I don't want to high jack this thread but you guys are using the wrong equipment. If you were using vacuum kilns, you wouldn't even consider 8/4 thick. True you do want to go straight from saw to kiln but even 12/4 will dry with zero defects in 14 days. So, if you have a market for heavy lumber, get the proper equipment. Otherwise, you are wasting a lot of time and material, which reminds me of some heavily figured 8/4 hard maple I recently dried.
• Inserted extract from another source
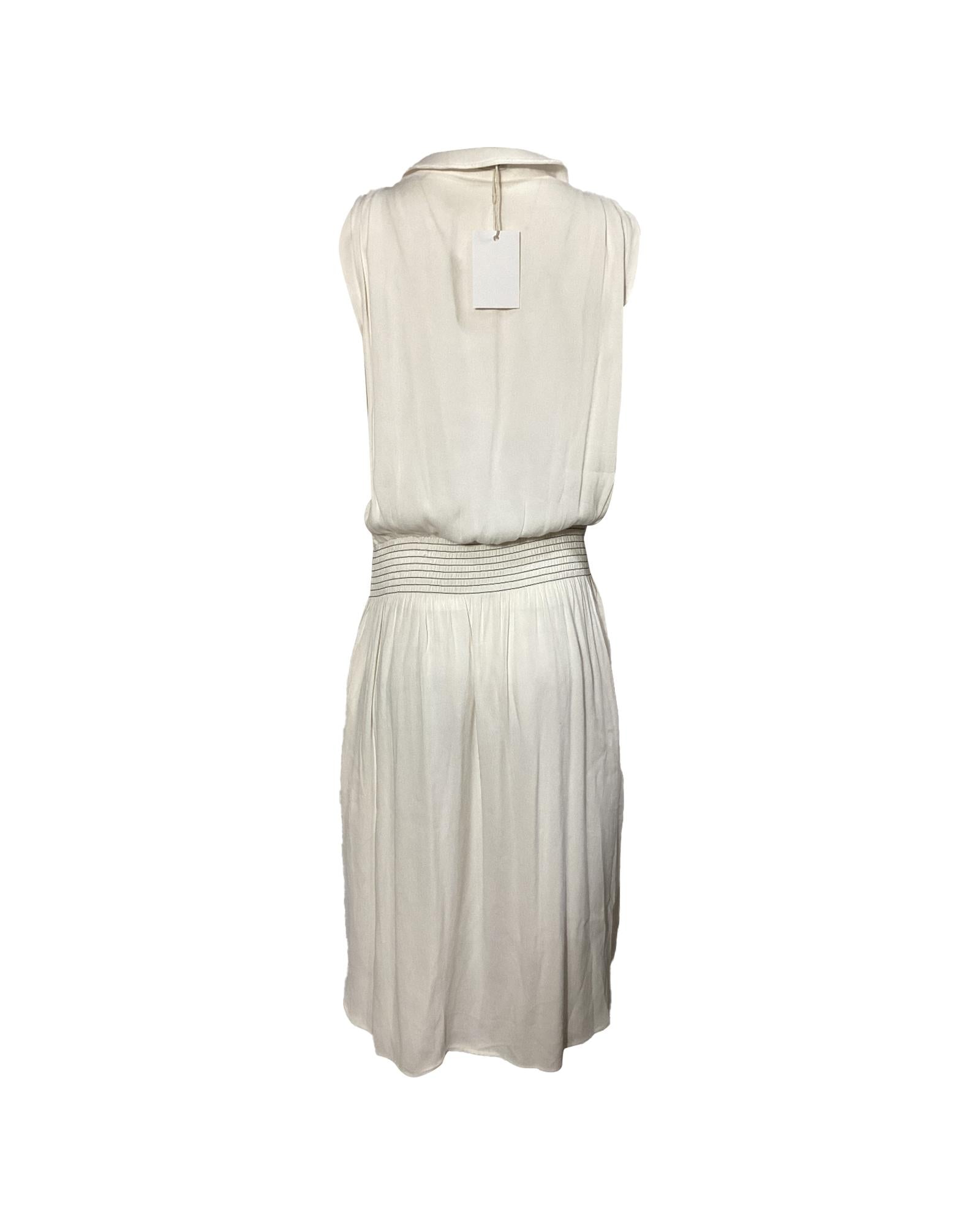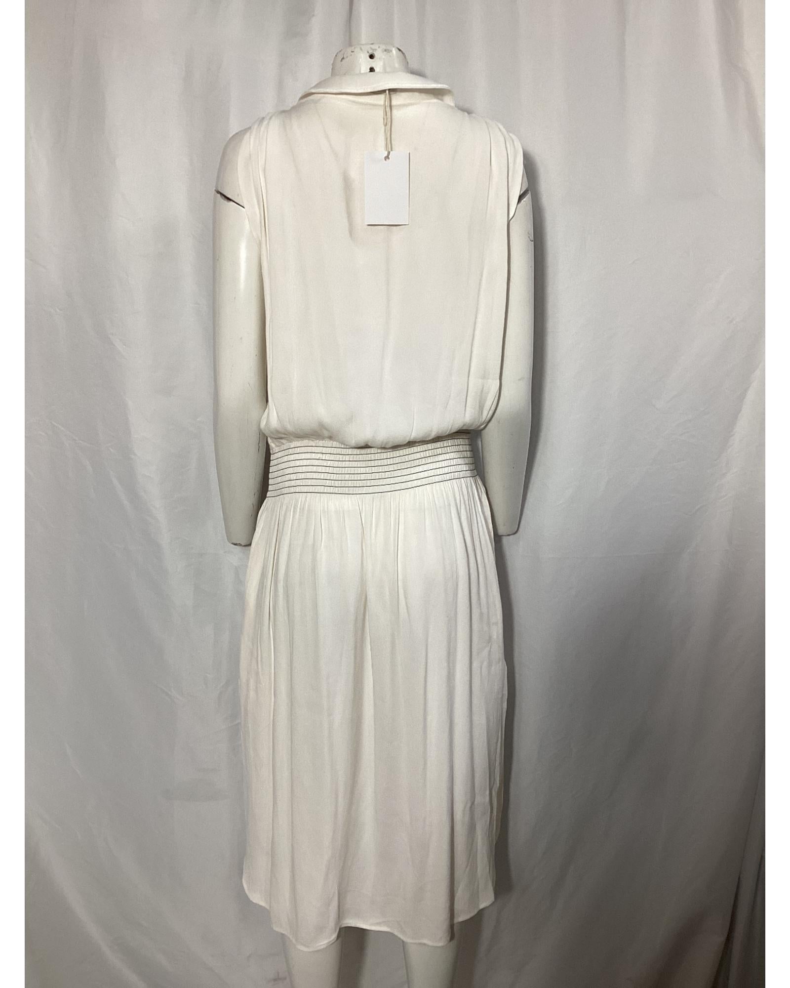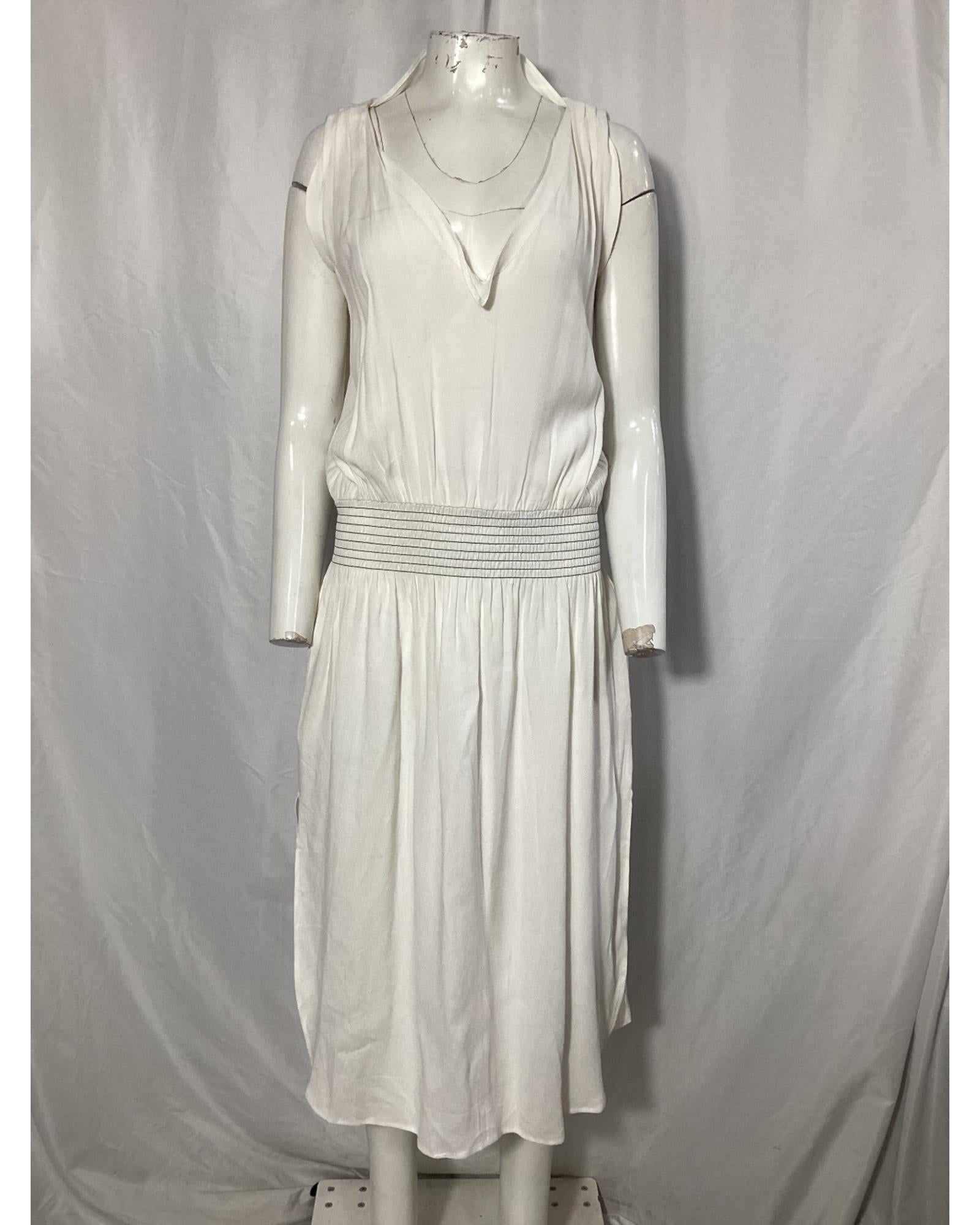 • Toteme Plunged Shirred Waist Midi Dress in White Viscose

The owner had paid $10/BF and the 10' pieces were cut 128".
From Gene Wengert, forum technical advisor:
I agree with Contributor O's approach. But, in this case with the need to know immediately I suggest drying in an open shed (to maintain the highest quality, compared to air drying outside) and then going into the kiln at a fairly low MC (under 30% MC). I do not like to go into the kiln with slow drying lumber at a higher MC. The reason is that it ties up the kiln, so after 120 days you have added perhaps $300 to $400 per MBF to price of the lumber. This means that the 2000 BF kiln with three loads a year is generating about $1000 net profit a year. With air dried, and a 30 day cycle (and maybe you could dry ten loads and add ten times more profit, even with a small additional quality loss).
From Contributor I:
My experience is very limited, but I've been studying it and analyzing it and I think my theory is sound. I agree with Gene. The literature says that shed-drying (not yard drying) of green oak produces just as good quality oak as going straight to kiln. As long as RH is below 70% in a shed, biological degrade is mitigated. Slow drying doesn't necessarily cause mold. Specifically, mold grows when the environment is both above 70% RH *and* below 95 deg.F.
Theoretically, there is less stress on the oak in air drying than in kiln drying. So using Contributor Z's logic, why not take the safe route, be patient and get high dollar? I suppose that a climate-controlled environment would only be preferable to a shed, if the shed environment had RH above 70%, or it was windy or it was really hot.
If checking is caused when green-wood is dried too fast, and the purpose of a kiln is to dry faster, then why would you want to put a green check-prone species into a kiln? Isn't that nuts? Why even take that risk, if air drying is safer? It seems to me the best approach is to air dry your oak down to 30% MC, then kiln dry. Best not to air dry below 30% MC. If you really want top quality, use a climate-controlled environment at around 70% RH and 70 deg.F, or whatever the optimum is, where the RH high enough to slow drying, but low enough to inhibit biologicals and where the temperature is high enough that the wood will dry, but low enough to minimize checking.